- [Task goal]:
Copy all records precisely, apart from the pictures.

[Collected data]

···

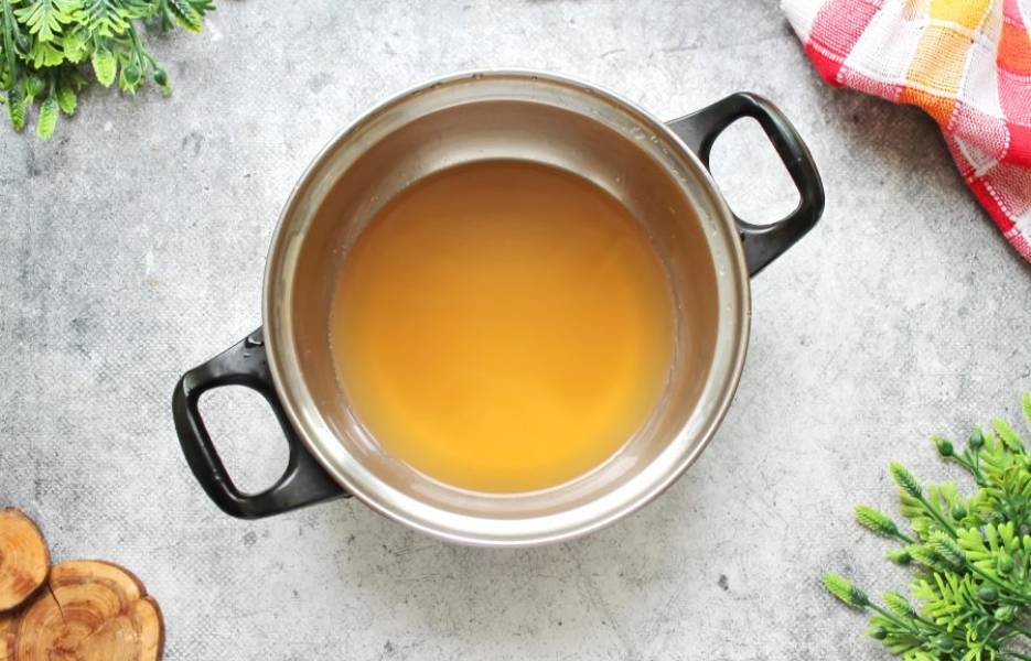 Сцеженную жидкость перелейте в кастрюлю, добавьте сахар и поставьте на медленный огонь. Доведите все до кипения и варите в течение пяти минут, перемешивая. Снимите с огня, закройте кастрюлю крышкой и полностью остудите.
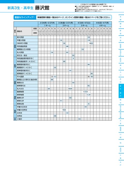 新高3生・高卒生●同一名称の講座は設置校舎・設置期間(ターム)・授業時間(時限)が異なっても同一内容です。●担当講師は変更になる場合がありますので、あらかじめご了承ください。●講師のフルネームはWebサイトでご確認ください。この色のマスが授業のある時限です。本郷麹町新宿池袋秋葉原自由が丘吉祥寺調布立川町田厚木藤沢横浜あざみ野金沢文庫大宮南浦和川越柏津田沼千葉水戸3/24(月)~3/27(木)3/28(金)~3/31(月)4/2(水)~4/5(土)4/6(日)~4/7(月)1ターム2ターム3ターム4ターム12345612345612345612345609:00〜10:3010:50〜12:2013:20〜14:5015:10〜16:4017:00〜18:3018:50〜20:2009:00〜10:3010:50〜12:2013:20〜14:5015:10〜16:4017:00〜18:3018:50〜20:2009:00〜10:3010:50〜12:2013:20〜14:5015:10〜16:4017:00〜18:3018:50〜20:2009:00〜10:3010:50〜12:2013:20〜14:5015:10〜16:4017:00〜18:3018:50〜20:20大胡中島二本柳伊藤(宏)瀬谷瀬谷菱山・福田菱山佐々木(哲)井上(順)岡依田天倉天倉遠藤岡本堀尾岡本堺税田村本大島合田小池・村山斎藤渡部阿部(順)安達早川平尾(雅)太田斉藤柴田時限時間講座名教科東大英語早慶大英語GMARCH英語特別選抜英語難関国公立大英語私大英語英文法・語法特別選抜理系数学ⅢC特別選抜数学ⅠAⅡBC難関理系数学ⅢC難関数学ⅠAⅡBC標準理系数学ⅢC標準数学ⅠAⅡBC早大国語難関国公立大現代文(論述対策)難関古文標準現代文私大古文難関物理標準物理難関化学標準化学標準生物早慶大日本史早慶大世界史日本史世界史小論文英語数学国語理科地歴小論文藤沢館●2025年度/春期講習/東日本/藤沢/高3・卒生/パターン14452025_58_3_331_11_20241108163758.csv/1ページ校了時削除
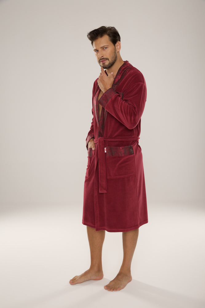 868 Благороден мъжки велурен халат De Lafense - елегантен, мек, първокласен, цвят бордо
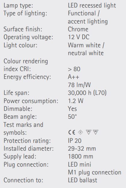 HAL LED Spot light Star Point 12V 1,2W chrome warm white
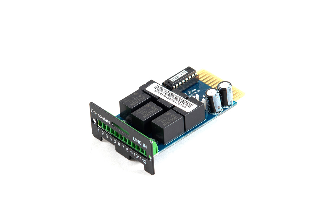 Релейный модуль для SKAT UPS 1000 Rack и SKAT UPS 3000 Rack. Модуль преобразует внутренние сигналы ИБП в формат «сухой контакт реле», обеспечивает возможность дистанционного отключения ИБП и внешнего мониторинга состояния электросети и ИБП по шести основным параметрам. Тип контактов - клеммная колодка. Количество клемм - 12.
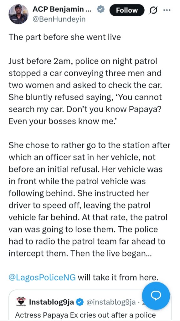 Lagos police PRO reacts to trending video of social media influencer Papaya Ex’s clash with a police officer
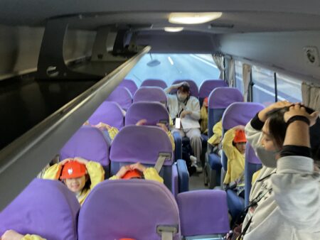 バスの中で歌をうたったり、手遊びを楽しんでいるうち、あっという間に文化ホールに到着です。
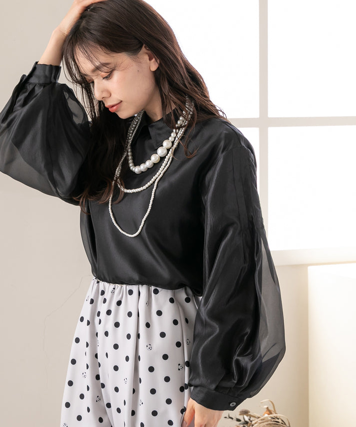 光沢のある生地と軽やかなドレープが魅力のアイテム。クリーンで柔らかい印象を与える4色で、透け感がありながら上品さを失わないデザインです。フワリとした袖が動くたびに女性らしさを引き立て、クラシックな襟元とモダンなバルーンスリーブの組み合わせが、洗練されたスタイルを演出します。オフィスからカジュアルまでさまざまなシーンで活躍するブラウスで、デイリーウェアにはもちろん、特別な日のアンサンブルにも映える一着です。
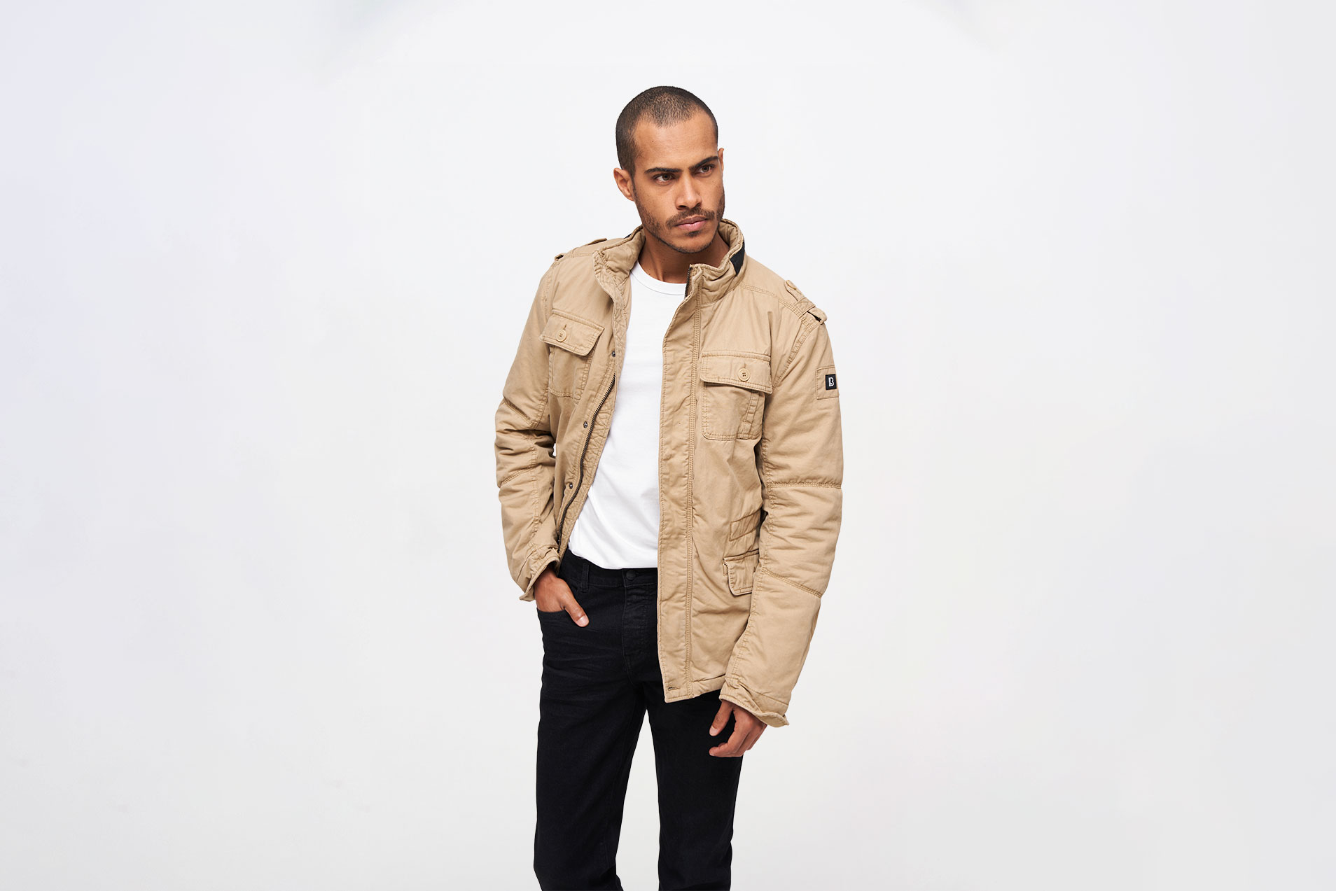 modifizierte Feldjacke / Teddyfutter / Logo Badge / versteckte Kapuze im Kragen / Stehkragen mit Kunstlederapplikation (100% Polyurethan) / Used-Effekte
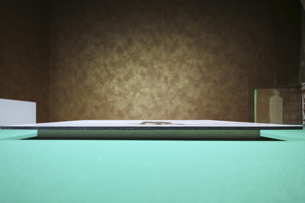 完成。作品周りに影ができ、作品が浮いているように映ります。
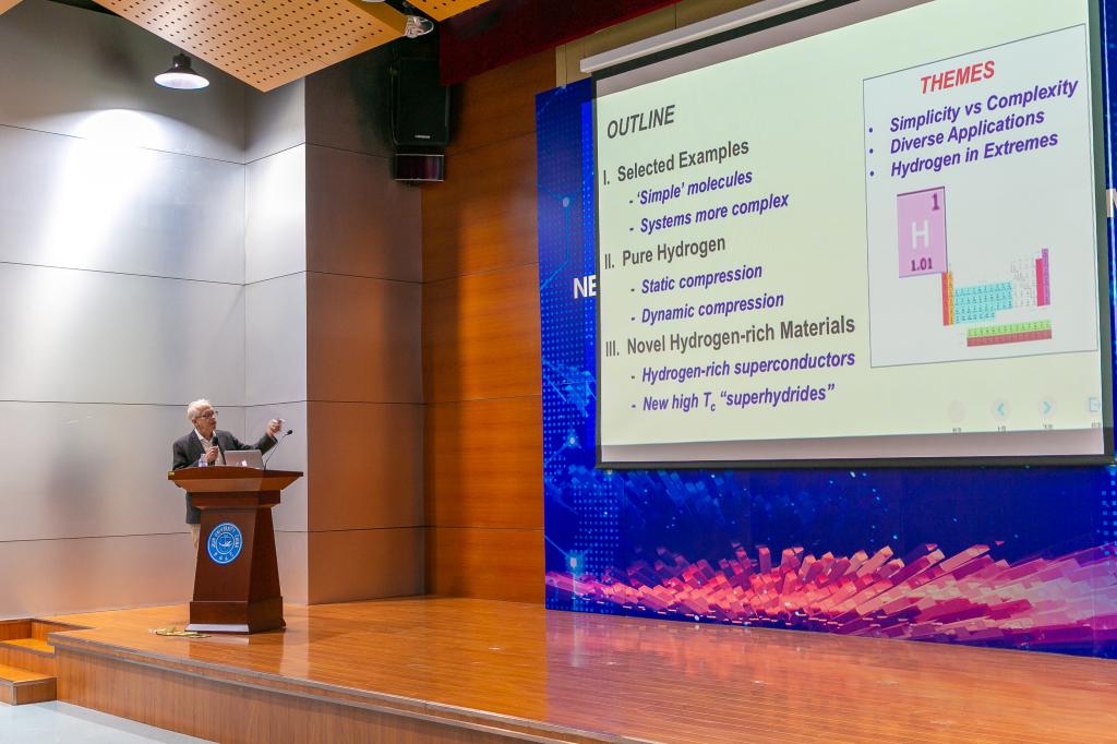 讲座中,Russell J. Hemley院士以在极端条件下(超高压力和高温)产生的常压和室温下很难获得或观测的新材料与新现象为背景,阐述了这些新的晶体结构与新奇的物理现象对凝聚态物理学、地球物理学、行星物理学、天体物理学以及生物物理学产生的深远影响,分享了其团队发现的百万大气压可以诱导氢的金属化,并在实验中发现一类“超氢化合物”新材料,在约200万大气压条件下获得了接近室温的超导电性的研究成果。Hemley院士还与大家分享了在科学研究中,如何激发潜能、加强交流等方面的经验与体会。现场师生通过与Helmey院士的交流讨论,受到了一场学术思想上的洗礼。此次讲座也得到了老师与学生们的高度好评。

···

- [Answer to the exercise]:
 Сцеженную жидкость перелейте в кастрюлю, добавьте сахар и поставьте на медленный огонь. Доведите все до кипения и варите в течение пяти минут, перемешивая. Снимите с огня, закройте кастрюлю крышкой и полностью остудите.
 新高3生・高卒生●同一名称の講座は設置校舎・設置期間(ターム)・授業時間(時限)が異なっても同一内容です。●担当講師は変更になる場合がありますので、あらかじめご了承ください。●講師のフルネームはWebサイトでご確認ください。この色のマスが授業のある時限です。本郷麹町新宿池袋秋葉原自由が丘吉祥寺調布立川町田厚木藤沢横浜あざみ野金沢文庫大宮南浦和川越柏津田沼千葉水戸3/24(月)~3/27(木)3/28(金)~3/31(月)4/2(水)~4/5(土)4/6(日)~4/7(月)1ターム2ターム3ターム4ターム12345612345612345612345609:00〜10:3010:50〜12:2013:20〜14:5015:10〜16:4017:00〜18:3018:50〜20:2009:00〜10:3010:50〜12:2013:20〜14:5015:10〜16:4017:00〜18:3018:50〜20:2009:00〜10:3010:50〜12:2013:20〜14:5015:10〜16:4017:00〜18:3018:50〜20:2009:00〜10:3010:50〜12:2013:20〜14:5015:10〜16:4017:00〜18:3018:50〜20:20大胡中島二本柳伊藤(宏)瀬谷瀬谷菱山・福田菱山佐々木(哲)井上(順)岡依田天倉天倉遠藤岡本堀尾岡本堺税田村本大島合田小池・村山斎藤渡部阿部(順)安達早川平尾(雅)太田斉藤柴田時限時間講座名教科東大英語早慶大英語GMARCH英語特別選抜英語難関国公立大英語私大英語英文法・語法特別選抜理系数学ⅢC特別選抜数学ⅠAⅡBC難関理系数学ⅢC難関数学ⅠAⅡBC標準理系数学ⅢC標準数学ⅠAⅡBC早大国語難関国公立大現代文(論述対策)難関古文標準現代文私大古文難関物理標準物理難関化学標準化学標準生物早慶大日本史早慶大世界史日本史世界史小論文英語数学国語理科地歴小論文藤沢館●2025年度/春期講習/東日本/藤沢/高3・卒生/パターン14452025_58_3_331_11_20241108163758.csv/1ページ校了時削除
 868 Благороден мъжки велурен халат De Lafense - елегантен, мек, първокласен, цвят бордо
 HAL LED Spot light Star Point 12V 1,2W chrome warm white
 Релейный модуль для SKAT UPS 1000 Rack и SKAT UPS 3000 Rack. Модуль преобразует внутренние сигналы ИБП в формат «сухой контакт реле», обеспечивает возможность дистанционного отключения ИБП и внешнего мониторинга состояния электросети и ИБП по шести основным параметрам. Тип контактов - клеммная колодка. Количество клемм - 12.
 Lagos police PRO reacts to trending video of social media influencer Papaya Ex’s clash with a police officer
 バスの中で歌をうたったり、手遊びを楽しんでいるうち、あっという間に文化ホールに到着です。
 光沢のある生地と軽やかなドレープが魅力のアイテム。クリーンで柔らかい印象を与える4色で、透け感がありながら上品さを失わないデザインです。フワリとした袖が動くたびに女性らしさを引き立て、クラシックな襟元とモダンなバルーンスリーブの組み合わせが、洗練されたスタイルを演出します。オフィスからカジュアルまでさまざまなシーンで活躍するブラウスで、デイリーウェアにはもちろん、特別な日のアンサンブルにも映える一着です。
 modifizierte Feldjacke / Teddyfutter / Logo Badge / versteckte Kapuze im Kragen / Stehkragen mit Kunstlederapplikation (100% Polyurethan) / Used-Effekte
 完成。作品周りに影ができ、作品が浮いているように映ります。
 讲座中,Russell J. Hemley院士以在极端条件下(超高压力和高温)产生的常压和室温下很难获得或观测的新材料与新现象为背景,阐述了这些新的晶体结构与新奇的物理现象对凝聚态物理学、地球物理学、行星物理学、天体物理学以及生物物理学产生的深远影响,分享了其团队发现的百万大气压可以诱导氢的金属化,并在实验中发现一类“超氢化合物”新材料,在约200万大气压条件下获得了接近室温的超导电性的研究成果。Hemley院士还与大家分享了在科学研究中,如何激发潜能、加强交流等方面的经验与体会。现场师生通过与Helmey院士的交流讨论,受到了一场学术思想上的洗礼。此次讲座也得到了老师与学生们的高度好评。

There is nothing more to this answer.